▸ **EXERCISE INPUT**:

= = = = = = =

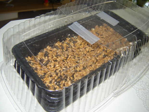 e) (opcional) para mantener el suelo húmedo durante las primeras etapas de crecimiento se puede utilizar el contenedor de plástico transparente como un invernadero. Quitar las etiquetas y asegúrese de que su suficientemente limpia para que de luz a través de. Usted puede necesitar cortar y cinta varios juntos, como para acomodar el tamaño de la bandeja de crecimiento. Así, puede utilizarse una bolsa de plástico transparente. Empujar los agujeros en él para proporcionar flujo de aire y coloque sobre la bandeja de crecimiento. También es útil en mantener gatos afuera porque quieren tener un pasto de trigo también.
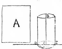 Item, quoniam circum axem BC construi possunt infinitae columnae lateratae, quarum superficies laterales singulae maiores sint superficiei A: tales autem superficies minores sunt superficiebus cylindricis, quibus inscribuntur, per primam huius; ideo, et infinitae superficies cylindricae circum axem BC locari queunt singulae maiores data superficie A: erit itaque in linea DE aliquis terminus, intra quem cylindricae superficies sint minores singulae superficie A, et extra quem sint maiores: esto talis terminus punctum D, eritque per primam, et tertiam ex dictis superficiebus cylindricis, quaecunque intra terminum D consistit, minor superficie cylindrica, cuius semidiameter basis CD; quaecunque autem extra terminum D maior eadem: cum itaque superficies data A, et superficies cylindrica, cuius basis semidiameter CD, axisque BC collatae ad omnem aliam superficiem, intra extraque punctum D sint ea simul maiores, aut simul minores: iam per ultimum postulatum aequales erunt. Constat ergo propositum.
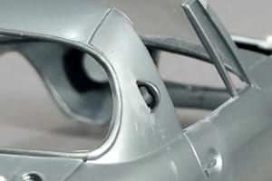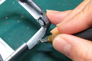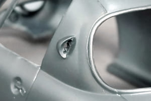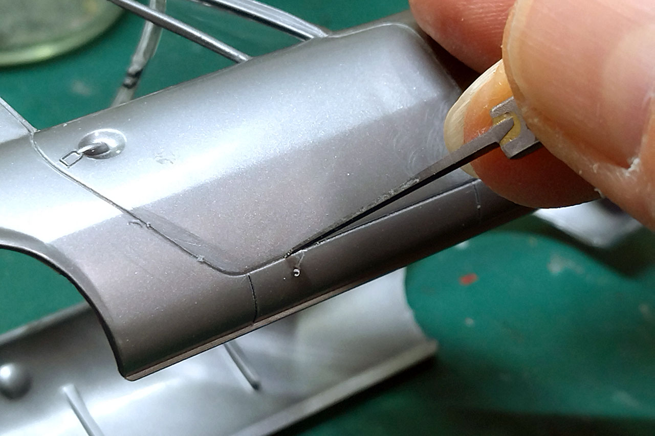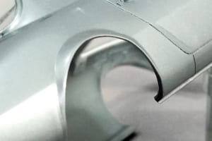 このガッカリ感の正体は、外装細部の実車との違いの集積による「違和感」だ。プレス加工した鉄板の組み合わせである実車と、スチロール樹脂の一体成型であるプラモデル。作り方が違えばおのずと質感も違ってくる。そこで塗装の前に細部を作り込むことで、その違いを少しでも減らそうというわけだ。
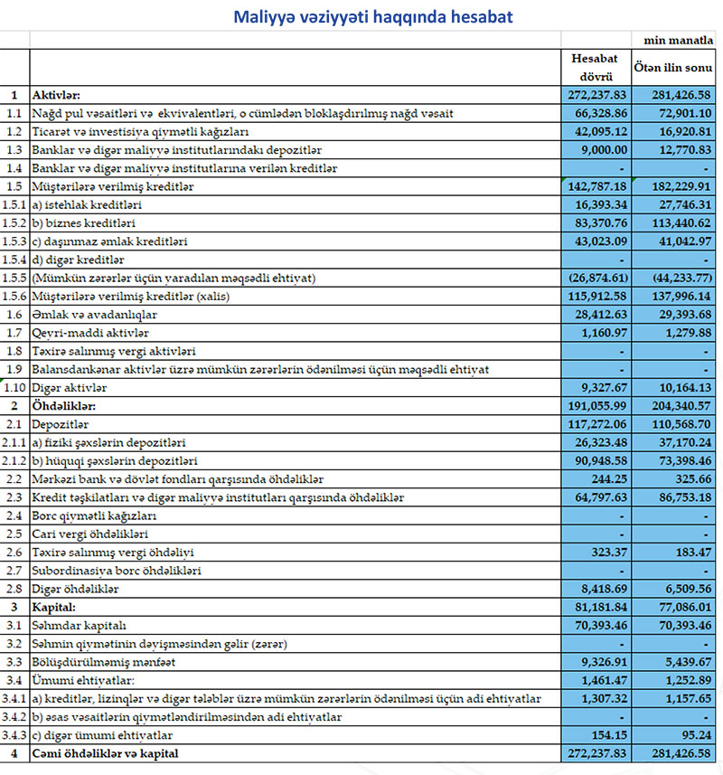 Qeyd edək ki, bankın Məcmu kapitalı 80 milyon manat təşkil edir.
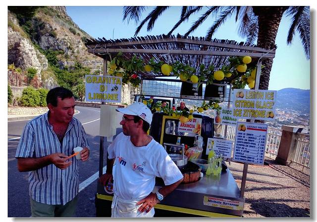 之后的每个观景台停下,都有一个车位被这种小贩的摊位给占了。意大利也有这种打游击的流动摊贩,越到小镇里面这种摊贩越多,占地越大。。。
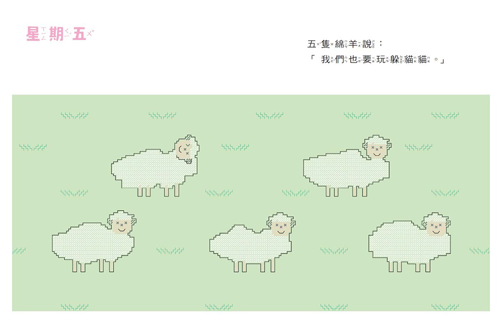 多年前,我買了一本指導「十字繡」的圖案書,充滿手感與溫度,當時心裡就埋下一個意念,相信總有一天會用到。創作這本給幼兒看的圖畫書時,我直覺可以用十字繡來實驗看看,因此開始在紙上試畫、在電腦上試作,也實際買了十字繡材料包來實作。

= = = = = = =

▸ **YOUR OBJECTIVE**:
Repeat the material exactly as it reads, without any of its pictures.

▸ **SOLUTION BELOW**:
 e) (opcional) para mantener el suelo húmedo durante las primeras etapas de crecimiento se puede utilizar el contenedor de plástico transparente como un invernadero. Quitar las etiquetas y asegúrese de que su suficientemente limpia para que de luz a través de. Usted puede necesitar cortar y cinta varios juntos, como para acomodar el tamaño de la bandeja de crecimiento. Así, puede utilizarse una bolsa de plástico transparente. Empujar los agujeros en él para proporcionar flujo de aire y coloque sobre la bandeja de crecimiento. También es útil en mantener gatos afuera porque quieren tener un pasto de trigo también.
 Item, quoniam circum axem BC construi possunt infinitae columnae lateratae, quarum superficies laterales singulae maiores sint superficiei A: tales autem superficies minores sunt superficiebus cylindricis, quibus inscribuntur, per primam huius; ideo, et infinitae superficies cylindricae circum axem BC locari queunt singulae maiores data superficie A: erit itaque in linea DE aliquis terminus, intra quem cylindricae superficies sint minores singulae superficie A, et extra quem sint maiores: esto talis terminus punctum D, eritque per primam, et tertiam ex dictis superficiebus cylindricis, quaecunque intra terminum D consistit, minor superficie cylindrica, cuius semidiameter basis CD; quaecunque autem extra terminum D maior eadem: cum itaque superficies data A, et superficies cylindrica, cuius basis semidiameter CD, axisque BC collatae ad omnem aliam superficiem, intra extraque punctum D sint ea simul maiores, aut simul minores: iam per ultimum postulatum aequales erunt. Constat ergo propositum.
 このガッカリ感の正体は、外装細部の実車との違いの集積による「違和感」だ。プレス加工した鉄板の組み合わせである実車と、スチロール樹脂の一体成型であるプラモデル。作り方が違えばおのずと質感も違ってくる。そこで塗装の前に細部を作り込むことで、その違いを少しでも減らそうというわけだ。
 Qeyd edək ki, bankın Məcmu kapitalı 80 milyon manat təşkil edir.
 之后的每个观景台停下,都有一个车位被这种小贩的摊位给占了。意大利也有这种打游击的流动摊贩,越到小镇里面这种摊贩越多,占地越大。。。
 多年前,我買了一本指導「十字繡」的圖案書,充滿手感與溫度,當時心裡就埋下一個意念,相信總有一天會用到。創作這本給幼兒看的圖畫書時,我直覺可以用十字繡來實驗看看,因此開始在紙上試畫、在電腦上試作,也實際買了十字繡材料包來實作。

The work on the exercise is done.